* [THE TASK]
The expected result is the full listing, retyped exactly, without a single picture.

* [GIVEN DATA]
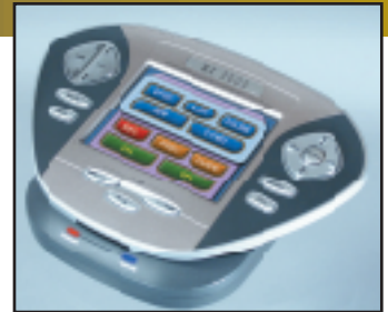
When not in use, the MX-3000 sits on its recharging cradle, which indicates a full charge with a blue LED.
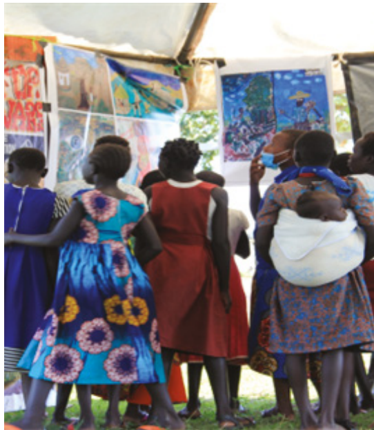
Figure 1. Young people engaging with art.

The touring exhibition featured artworks, poems and stories but was also a site where dancing, singing and conversations could take place. Seeing what others had contributed offered a way of thinking about the ideas they represented, and different
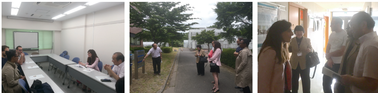
Left: Meeting with UB students. Center & right: Viewing the T-PIRC facilities.

* [RESPONSE TO THE TASK]
When not in use, the MX-3000 sits on its recharging cradle, which indicates a full charge with a blue LED.
Figure 1. Young people engaging with art.

The touring exhibition featured artworks, poems and stories but was also a site where dancing, singing and conversations could take place. Seeing what others had contributed offered a way of thinking about the ideas they represented, and different
Left: Meeting with UB students. Center & right: Viewing the T-PIRC facilities.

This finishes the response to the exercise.